■ Source data

=======

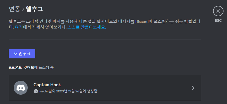 3. 새 웹후크를 만들어준다.
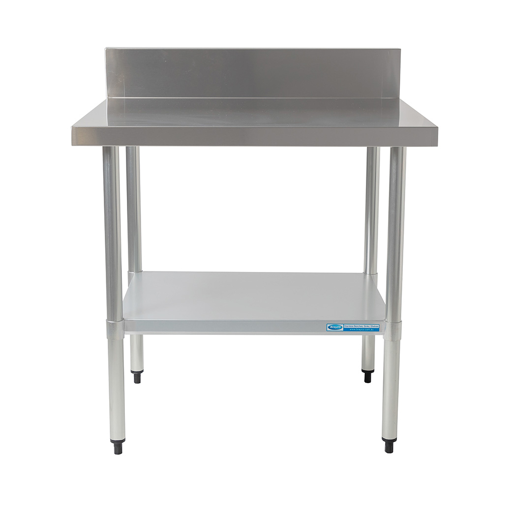 Economy 430 grade stainless bench, with splashback, undershelf and adjustable feet.
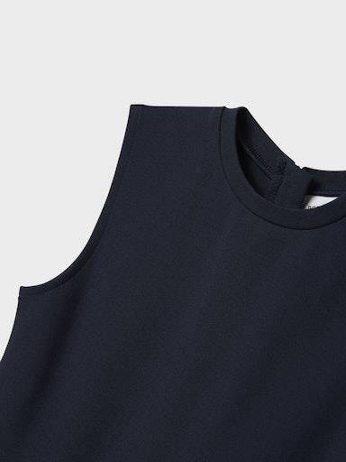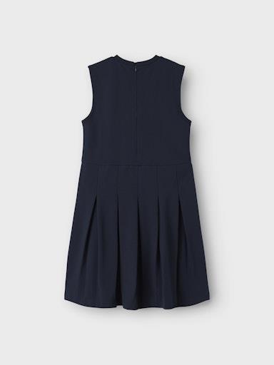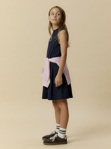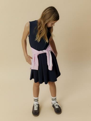Otroška dekliška modna obleka iz prijetne in udobne viskoze, z elastiko v pasu, z nabranim spodnjim delom, zapenjanje z zadrgo zadaj, regular kroj, brez rokavov. Material: 63% LENZING™ ECOVERO™ viskoza, 32% najlon, 5% elastan
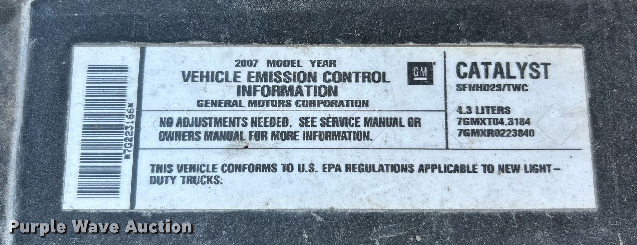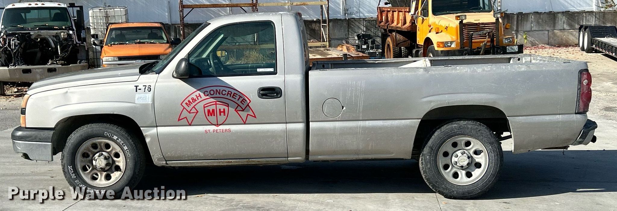 2007 Chevrolet Silverado 1500 pickup truck. Miles: 171,521 on odometer, Hours: 5,626 on meter, VIN: 3GCEC14X77G223166, Unit #: T76. Engine Displacement: 4.3L V6 OHV, Cylinders: 6, Fuel type: Gas. Transmission Automatic. Interior AC, Heat, Cruise control. Tires Size: 245/70R17. Notes Dash warning indicator: Check engine, Airbag. Missouri title. Title distribution may be delayed up to 14 days from verification of funds. M&H Concrete Contractors Inc.. St. Peters, MO 63376

=======

■ Exercise aim
One exact copy of the data, no pictures: write it out line for line.

■ Task solution
 3. 새 웹후크를 만들어준다.
 Economy 430 grade stainless bench, with splashback, undershelf and adjustable feet.
Otroška dekliška modna obleka iz prijetne in udobne viskoze, z elastiko v pasu, z nabranim spodnjim delom, zapenjanje z zadrgo zadaj, regular kroj, brez rokavov. Material: 63% LENZING™ ECOVERO™ viskoza, 32% najlon, 5% elastan
 2007 Chevrolet Silverado 1500 pickup truck. Miles: 171,521 on odometer, Hours: 5,626 on meter, VIN: 3GCEC14X77G223166, Unit #: T76. Engine Displacement: 4.3L V6 OHV, Cylinders: 6, Fuel type: Gas. Transmission Automatic. Interior AC, Heat, Cruise control. Tires Size: 245/70R17. Notes Dash warning indicator: Check engine, Airbag. Missouri title. Title distribution may be delayed up to 14 days from verification of funds. M&H Concrete Contractors Inc.. St. Peters, MO 63376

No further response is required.